Brazilian physician, professor, researcher

Renato Soibelmann Procianoy is a Brazilian physician, university professor, and medical researcher whose work in neonatology has contributed significantly to clinical protocols and medical education in Brazil and internationally. He is a full professor of Pediatrics at the Federal University of Rio Grande do Sul (UFRGS) and preceptor of the Neonatology Residency Program at the Hospital de Clínicas de Porto Alegre (HCPA).

== Academic background and career ==
Procianoy earned his medical degree from the Federal University of Rio Grande do Sul and completed his residency in Pediatrics at the Hospital dos Servidores do Estado in Rio de Janeiro. He went on to complete both a master's degree and a Ph.D. at the University of São Paulo. He later trained in the United States, completing a fellowship in Neonatology at Texas Children’s Hospital, affiliated with the Baylor College of Medicine.

Currently, he holds several academic and leadership roles:
- Full Professor of Pediatrics at UFRGS
- Residency supervisor in Neonatology at the Hospital de Clínicas de Porto Alegre
- Member of the Brazilian Academy of Pediatrics
- Editor-in-chief of the Jornal de Pediatria (Rio de Janeiro) since 2002
- Program director of the Neonatology Continuing Education Program (PRORN), developed by Artmed since 2002

== Research and scientific production ==
Procianoy is one of Brazil’s most cited neonatologists, with an extensive body of work published in both national and international peer-reviewed journals. His research focuses on:
- Neonatal sepsis;
- Prematurity and its long-term consequences;
- Nutrition, growth, and neurodevelopment of low birth weight infants.

He has served as Principal Investigator in projects funded by the Bill & Melinda Gates Foundation, including groundbreaking studies on fetal microbiota and its association with prematurity and neonatal morbidities.

In 1991, he authored the textbook Cadernos de Terapêutica em Pediatria – Neonatologia (Therapeutic Notebooks in Pediatrics – Neonatology), which became a key reference in Brazilian pediatric education.

His work is widely cited and used as reference in clinical guidelines and academic programs across Latin America.

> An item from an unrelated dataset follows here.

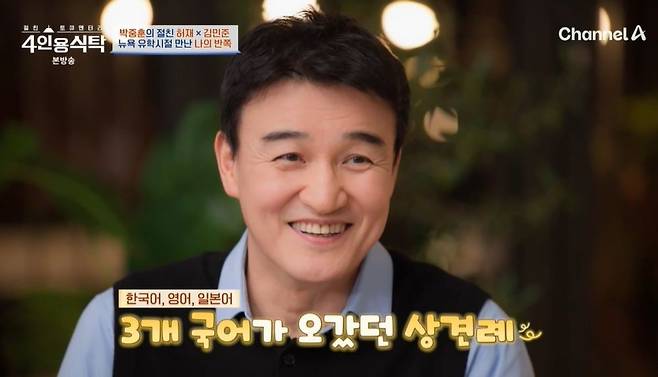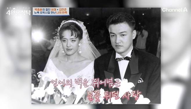 박경림이 "서로 언어가 다른데 상견례 때 어떻게 했냐"라고 묻자 박중훈은 "저희 부모님이 일제강점기 때 10대를 보내셔서 일본어를 잘하셨다. 저랑 아내는 서툴지만 영어로 했고"라며 3개 국어가 오갔다고 떠올렸다. 박중훈은 "지금은 한국어를 해서 괜찮은데, 전엔 영어로 해야 해서 다툼이 있어도 사전을 찾아봤다. 찾다가 웃었다"라고 전했다.

== Awards and recognition ==
Throughout his career, Procianoy has received numerous honors for his academic and professional contributions. Some of the most notable include:
- Jornal de Pediatria Award (1973)
- Nicola Albano Award (1998)
- José Lauro Araújo Ramos Award (2000)

He is an elected member of the Academia Brasileira de Pediatria and has played key roles in advisory committees of the Brazilian Society of Pediatrics.

== Societal impact ==
Procianoy’s contributions to neonatology have had a measurable impact on healthcare outcomes in Brazil. His research on neonatal sepsis diagnostics and management has informed national health protocols, and his advocacy for evidence-based neonatal nutrition has improved the care of premature and low birth weight infants.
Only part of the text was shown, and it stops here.